Leading the round is ADV, with participation from existing backers LocalGlobe, and company builder Entrepreneur First (Lingumi was part of EF’s 5th cohort, which is turning out to be quite a vintage year). A number of unnamed angel investors also took part in the round.
Founded by CEO Toby Mather and CTO Adit Trivedi after they paired up at EF in late 2015, Lingumi has built a language learning platform for pre-school kids, initially targeting the teaching of English. Described as “digital-first,” it consists of an app designed around a curriculum of daily lessons, which can then be augmented with Lingumi’s physical products, such as ‘Play Cubes’ and ‘Jumbo Word Cards’.
In a call with Mather he told me that the Lingumi product that exists today is very different to the one he and Trivedi originally pitched at EF Demo Day back in early 2016, even if the mission remains the same: to increase access to learning a second language, based on a belief that a child’s earliest years present a “magic window” to do so.
Initially, the pair had developed a concept for a connected toy that controlled a learning app but pivoted to a subscription model after families kept hitting the end of the startup’s curriculum and requested more. In July last year, Lingumi ditched the connected toy entirely and switched to a “pure digital subscription,” up selling its now much simpler physical products separately.
“We’re increasingly aware of the exceptional ability of infants to learn a second language from very early in childhood, but access to English is typically restricted to the super rich, or to children aged 7 or older, as they begin to attend school,” says Mather. “Even there, they are taught badly and infrequently. We’re building an English learning methodology that is low-cost, can be used in the earliest years, and is effective, even if the parents themselves don’t speak English”.
The Lingumi platform works best when parents or caregivers participate, too. The app delivers a single lesson per day of around 20 minutes and purposefully limits screen time, hence the range of supplementary non-digital prodicts. “Children receive everything in English, through a playful learning programme built for pre-schoolers, but we encourage and train parents in their native language to play and learn with their children,” explains the Lingumi CEO.

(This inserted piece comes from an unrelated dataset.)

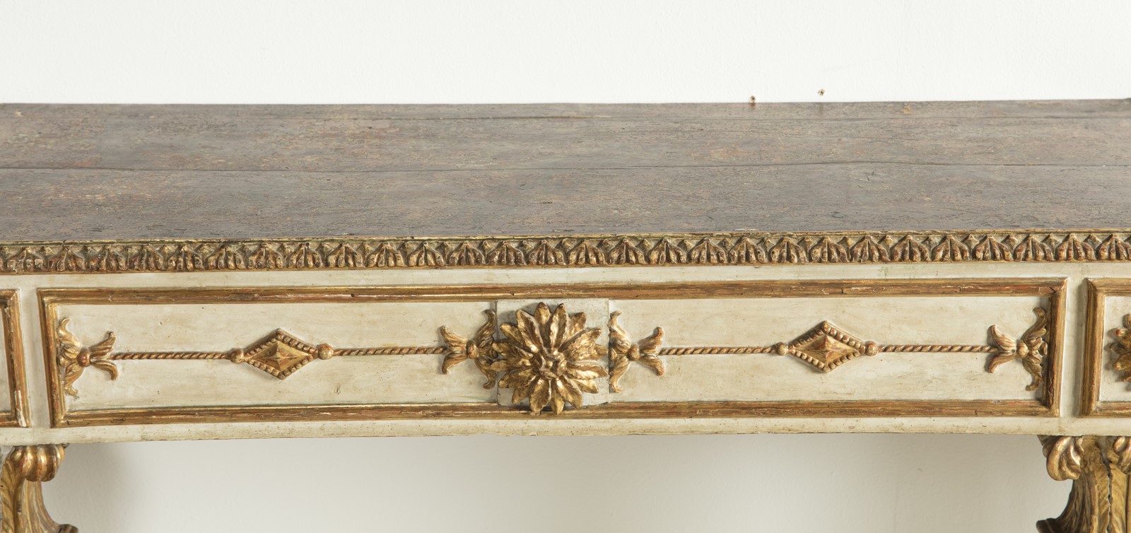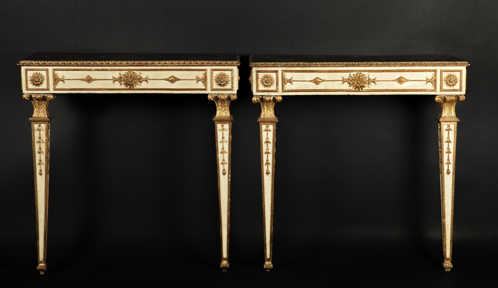 EARLY 19th CENTURY MANUFACTURE Pair of lacquered wooden consoles, inverted pyramid-shaped legs, band decorated with gilded wooden friezes. . Cm 100,00 x 97,00 x 35,00. Defects.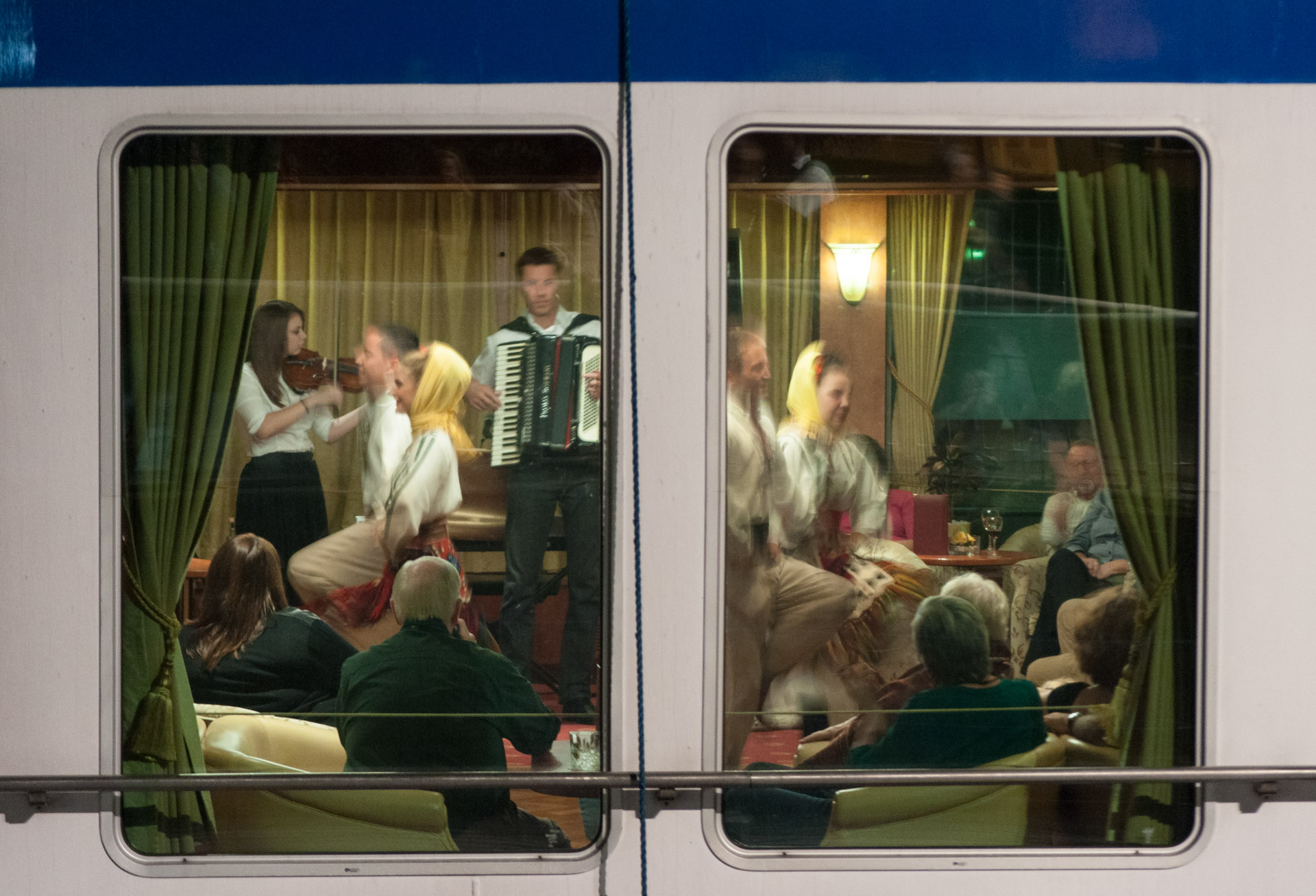 Un grupo folcrórico serbio hace disfrutar a los pasajeros del interior de un barco en la orilla del Danubio.

“Multiple studies have shown the impact of this style of co-learning on outcomes. The learning method is also unique: unlike most curriculums, which focus around ‘edutainment’ or reading and writing skills, or teach older children via live video, ours is focused on constructive, natural spoken English in the earliest years. As we develop the curriculum, we’re continually leveraging our data on each child to improve the experience and learning trajectory for them”.
To date, Lingumi claims 10,000 users and Mather says typical customers are families with one or two working parents, “usually middle or working-class, aspirational families who understand both the fun, and the educational benefit of beginning a second language with their child”. It has customers in over 40 countries, but is mainly focussed on Western Europe, Taiwan, and, increasingly, China.
In fact, Mather says China is a potentially huge market and is in part seeing the startup pilot a version of Lingumi for kindergartens that want to begin teaching English, leveraging the company’s existing learning method and content.
To that end, the company plans to use the new seed funding to further develop its “digital and physical product ecosystem,” and scale the learning platform into new markets.